_EXTRACTED DATA_
[Start of Attachment]
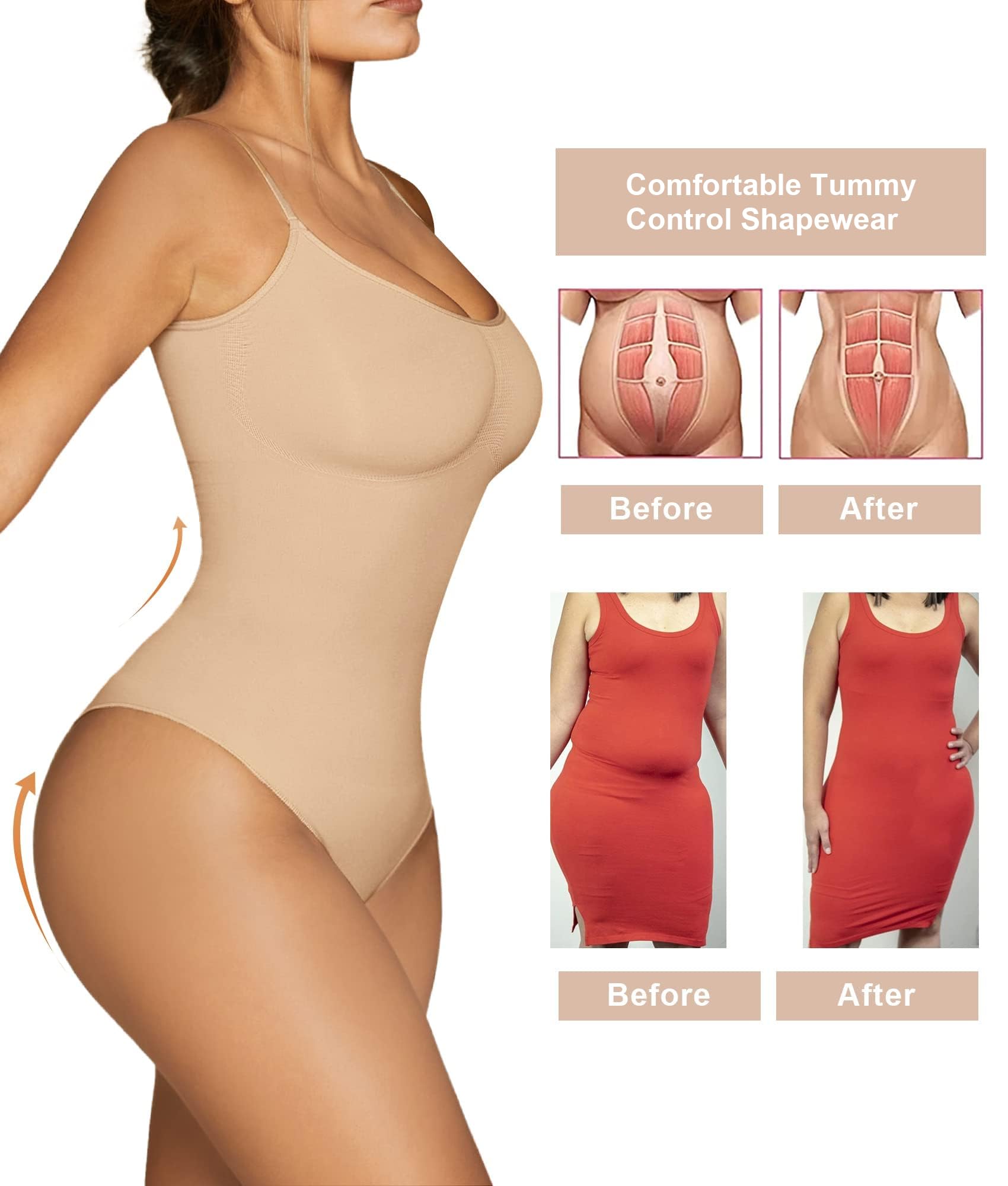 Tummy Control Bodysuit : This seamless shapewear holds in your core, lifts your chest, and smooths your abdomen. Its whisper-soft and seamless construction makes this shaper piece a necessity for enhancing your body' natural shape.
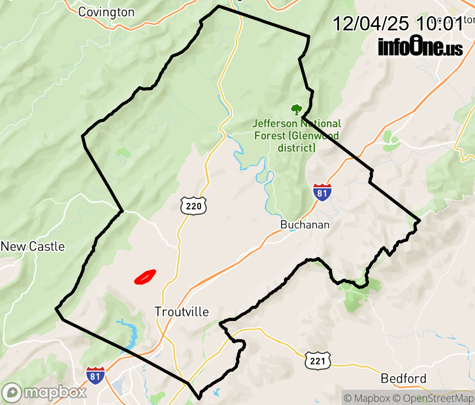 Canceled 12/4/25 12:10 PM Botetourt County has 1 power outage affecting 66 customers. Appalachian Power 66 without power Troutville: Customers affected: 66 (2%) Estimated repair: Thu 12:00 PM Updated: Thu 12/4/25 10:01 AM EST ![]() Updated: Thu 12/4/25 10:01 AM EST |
[End of Attachment]
[Start of Attachment]
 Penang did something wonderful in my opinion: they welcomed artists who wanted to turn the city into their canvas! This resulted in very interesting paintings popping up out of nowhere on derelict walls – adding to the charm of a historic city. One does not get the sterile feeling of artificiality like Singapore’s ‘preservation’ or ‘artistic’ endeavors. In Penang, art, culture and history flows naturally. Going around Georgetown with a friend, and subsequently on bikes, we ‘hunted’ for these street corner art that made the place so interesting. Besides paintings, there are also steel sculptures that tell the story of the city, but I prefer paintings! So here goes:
[End of Attachment]
[Start of Attachment]
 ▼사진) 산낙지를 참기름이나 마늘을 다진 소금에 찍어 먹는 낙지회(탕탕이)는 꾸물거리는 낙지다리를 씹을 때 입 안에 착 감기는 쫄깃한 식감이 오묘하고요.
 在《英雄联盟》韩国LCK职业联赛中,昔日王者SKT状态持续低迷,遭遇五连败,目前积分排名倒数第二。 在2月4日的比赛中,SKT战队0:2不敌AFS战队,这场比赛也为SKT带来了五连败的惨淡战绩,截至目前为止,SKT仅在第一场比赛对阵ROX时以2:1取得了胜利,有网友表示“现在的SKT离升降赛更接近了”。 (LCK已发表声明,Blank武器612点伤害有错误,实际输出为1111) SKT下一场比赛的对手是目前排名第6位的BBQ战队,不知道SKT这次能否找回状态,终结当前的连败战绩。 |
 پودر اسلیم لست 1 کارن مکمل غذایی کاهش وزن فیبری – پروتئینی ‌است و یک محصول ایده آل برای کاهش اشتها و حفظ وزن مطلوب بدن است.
[End of Attachment]
_WHAT THE TASK REQUIRES_
Taking the entries above, restate exactly those lines that fall between the line with "쫄깃한 식감이 오묘하고요." and the line with "پودر اسلیم لست", keeping both of those lines too.

_THE COMPLETED TASK_
 ▼사진) 산낙지를 참기름이나 마늘을 다진 소금에 찍어 먹는 낙지회(탕탕이)는 꾸물거리는 낙지다리를 씹을 때 입 안에 착 감기는 쫄깃한 식감이 오묘하고요.
 在《英雄联盟》韩国LCK职业联赛中,昔日王者SKT状态持续低迷,遭遇五连败,目前积分排名倒数第二。 在2月4日的比赛中,SKT战队0:2不敌AFS战队,这场比赛也为SKT带来了五连败的惨淡战绩,截至目前为止,SKT仅在第一场比赛对阵ROX时以2:1取得了胜利,有网友表示“现在的SKT离升降赛更接近了”。 (LCK已发表声明,Blank武器612点伤害有错误,实际输出为1111) SKT下一场比赛的对手是目前排名第6位的BBQ战队,不知道SKT这次能否找回状态,终结当前的连败战绩。 |
 پودر اسلیم لست 1 کارن مکمل غذایی کاهش وزن فیبری – پروتئینی ‌است و یک محصول ایده آل برای کاهش اشتها و حفظ وزن مطلوب بدن است.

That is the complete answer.